Exercise requirements
Exactly the lines from the first line of the records to the line holding "9月15日讯 迪巴拉今日在社" should be duplicated, and nothing more; pictures stay out.

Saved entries
⟨

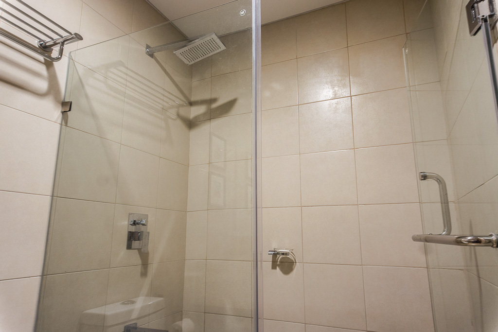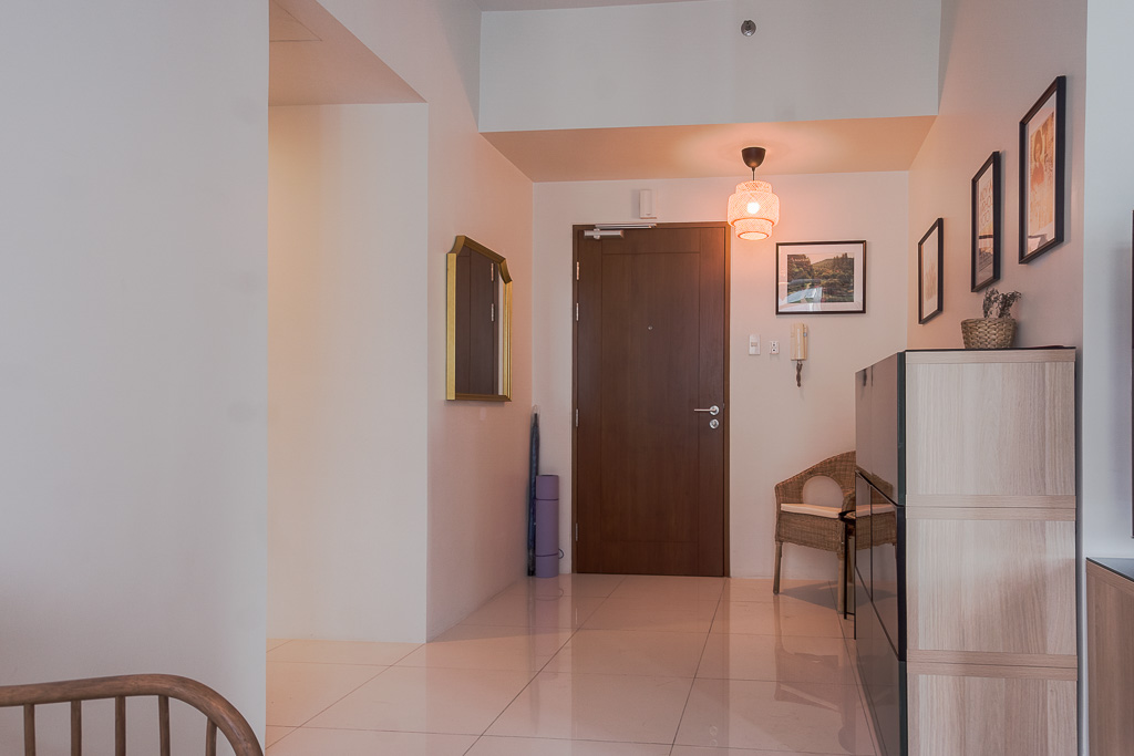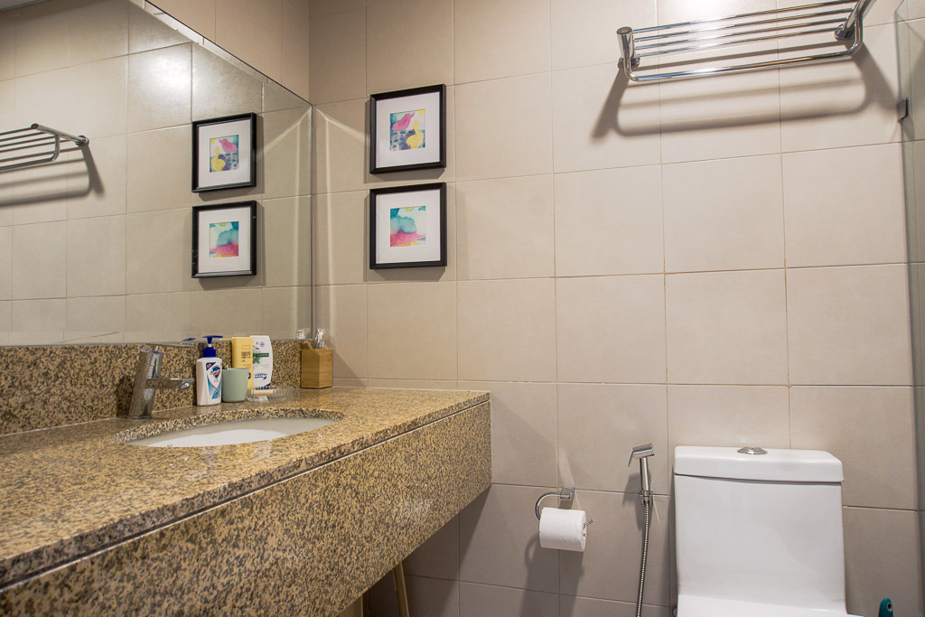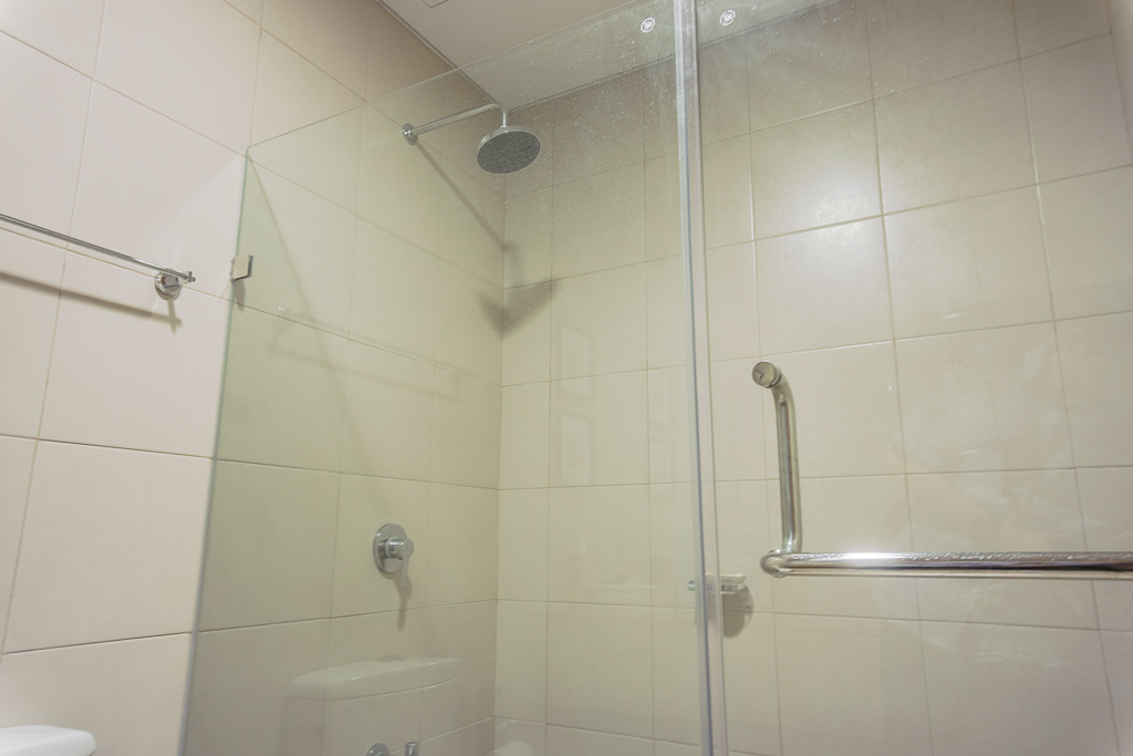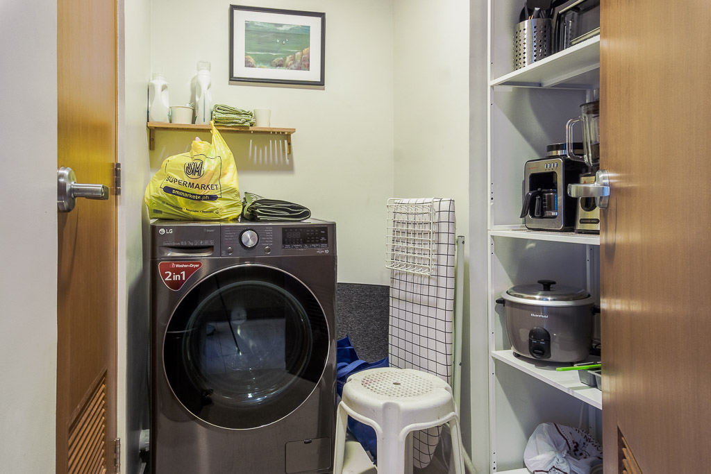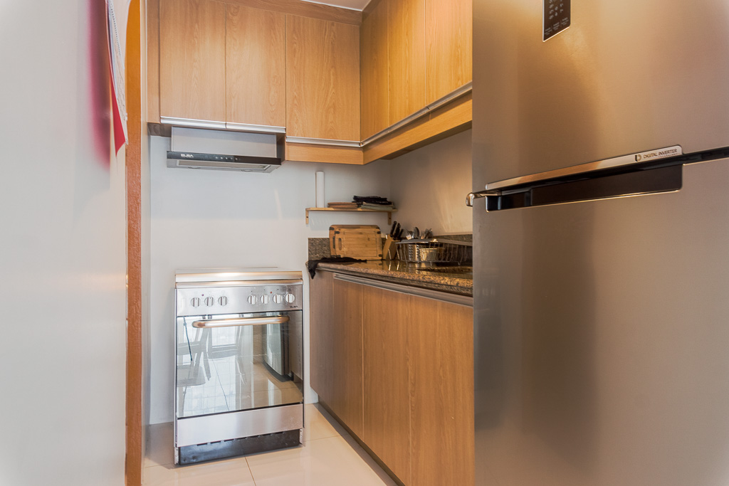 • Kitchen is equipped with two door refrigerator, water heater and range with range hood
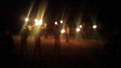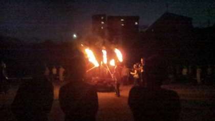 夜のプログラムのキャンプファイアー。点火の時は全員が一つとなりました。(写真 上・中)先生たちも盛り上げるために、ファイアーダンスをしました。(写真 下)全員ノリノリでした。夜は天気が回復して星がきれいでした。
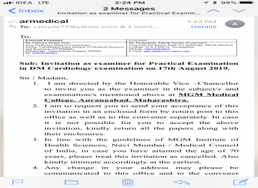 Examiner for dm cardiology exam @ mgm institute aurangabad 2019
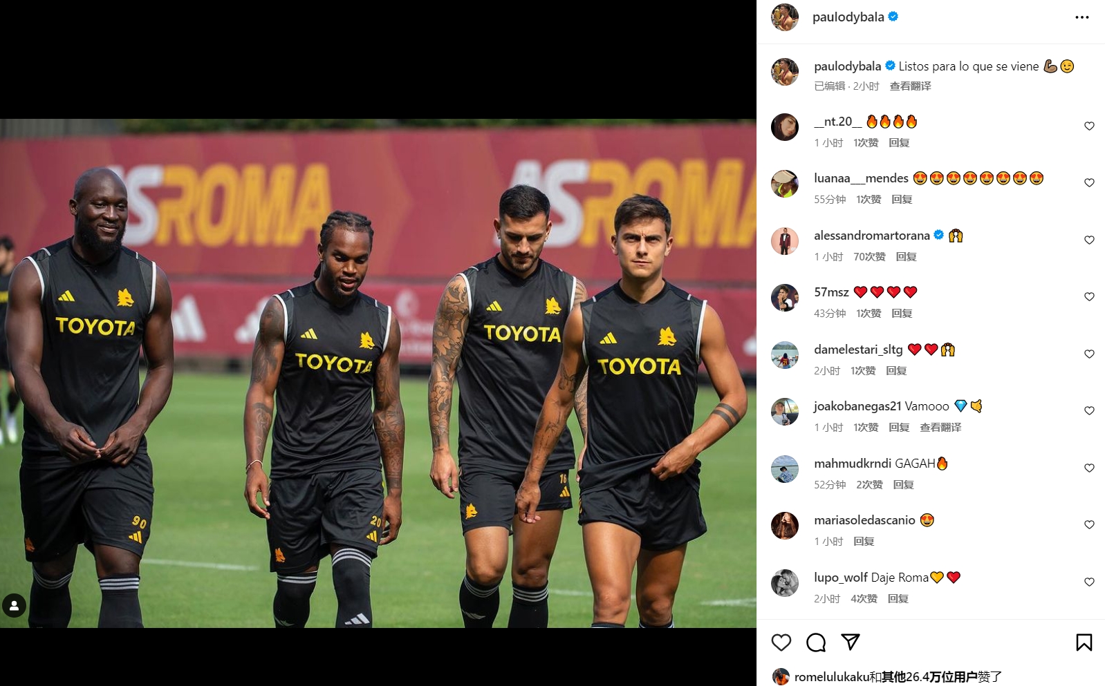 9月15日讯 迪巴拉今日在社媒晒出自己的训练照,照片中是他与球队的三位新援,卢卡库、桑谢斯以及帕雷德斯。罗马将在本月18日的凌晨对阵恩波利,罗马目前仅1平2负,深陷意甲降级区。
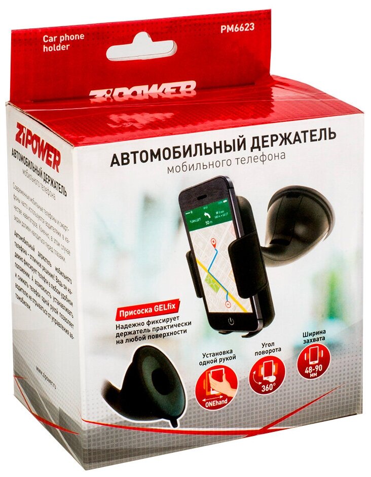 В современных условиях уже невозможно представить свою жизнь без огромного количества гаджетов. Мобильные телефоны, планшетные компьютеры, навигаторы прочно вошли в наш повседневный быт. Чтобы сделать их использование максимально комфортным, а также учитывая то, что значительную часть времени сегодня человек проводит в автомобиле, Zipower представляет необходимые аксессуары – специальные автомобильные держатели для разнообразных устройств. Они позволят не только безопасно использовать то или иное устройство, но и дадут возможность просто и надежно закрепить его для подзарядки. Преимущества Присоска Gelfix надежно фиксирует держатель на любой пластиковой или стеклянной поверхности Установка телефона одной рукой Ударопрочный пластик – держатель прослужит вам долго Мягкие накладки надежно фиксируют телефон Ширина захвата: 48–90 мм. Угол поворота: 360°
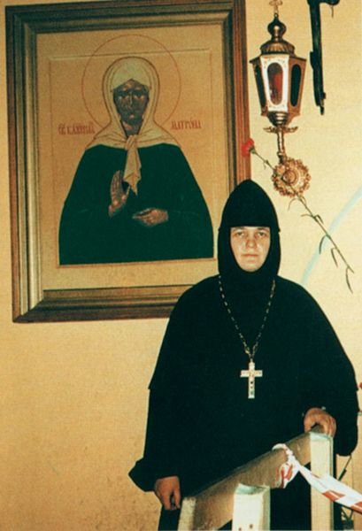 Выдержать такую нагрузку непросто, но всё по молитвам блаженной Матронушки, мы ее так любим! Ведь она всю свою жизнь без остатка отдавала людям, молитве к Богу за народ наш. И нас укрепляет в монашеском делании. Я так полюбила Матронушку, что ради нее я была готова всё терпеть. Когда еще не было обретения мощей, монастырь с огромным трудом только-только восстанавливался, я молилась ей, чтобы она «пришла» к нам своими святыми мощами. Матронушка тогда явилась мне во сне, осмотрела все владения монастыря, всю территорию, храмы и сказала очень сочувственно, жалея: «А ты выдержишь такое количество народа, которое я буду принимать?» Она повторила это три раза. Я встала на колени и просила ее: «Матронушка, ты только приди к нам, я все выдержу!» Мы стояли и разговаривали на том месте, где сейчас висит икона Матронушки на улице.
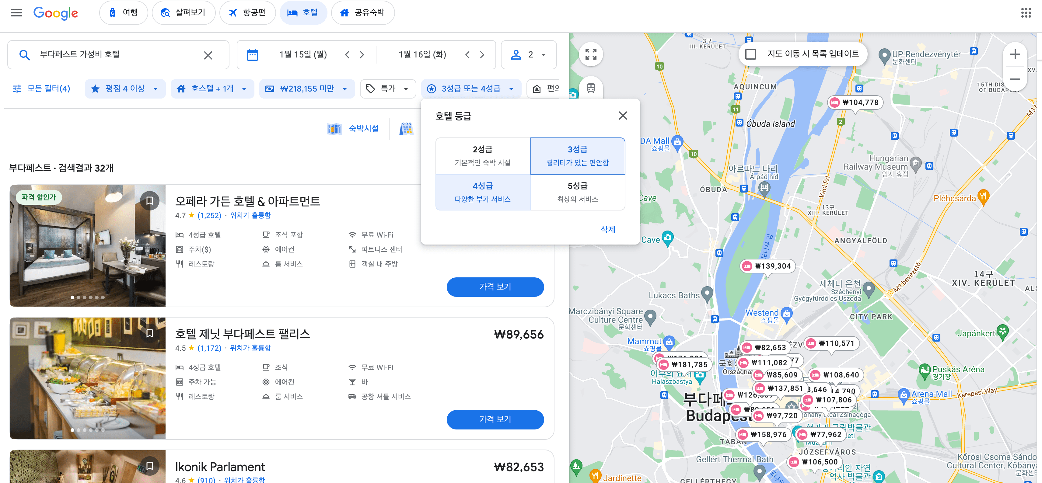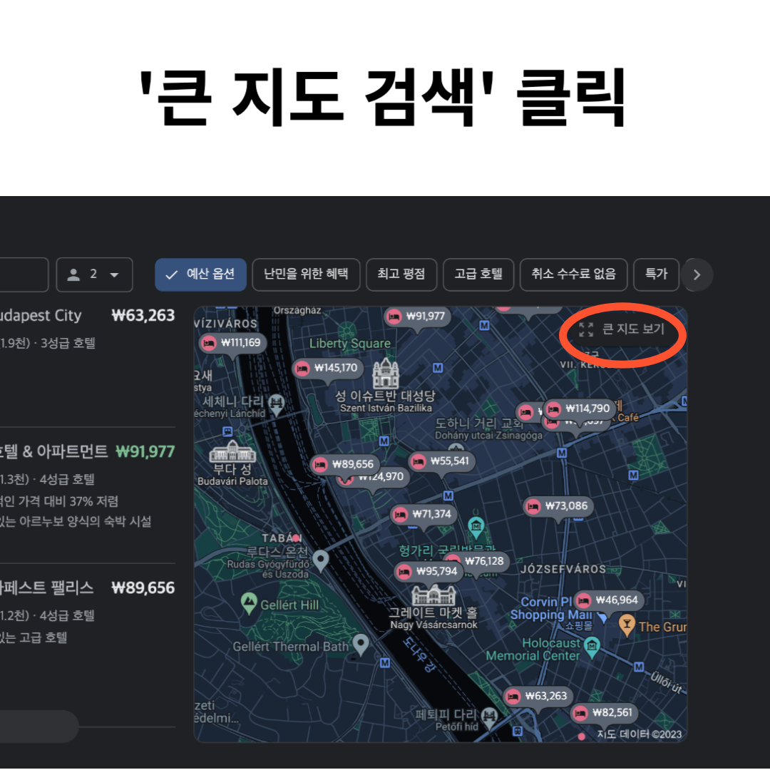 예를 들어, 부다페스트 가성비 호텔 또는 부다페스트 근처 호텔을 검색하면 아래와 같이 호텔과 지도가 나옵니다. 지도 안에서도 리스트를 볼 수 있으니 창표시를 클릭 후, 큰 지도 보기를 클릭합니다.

⟩

Solution to the exercise
 • Kitchen is equipped with two door refrigerator, water heater and range with range hood
 夜のプログラムのキャンプファイアー。点火の時は全員が一つとなりました。(写真 上・中)先生たちも盛り上げるために、ファイアーダンスをしました。(写真 下)全員ノリノリでした。夜は天気が回復して星がきれいでした。
 Examiner for dm cardiology exam @ mgm institute aurangabad 2019
 9月15日讯 迪巴拉今日在社媒晒出自己的训练照,照片中是他与球队的三位新援,卢卡库、桑谢斯以及帕雷德斯。罗马将在本月18日的凌晨对阵恩波利,罗马目前仅1平2负,深陷意甲降级区。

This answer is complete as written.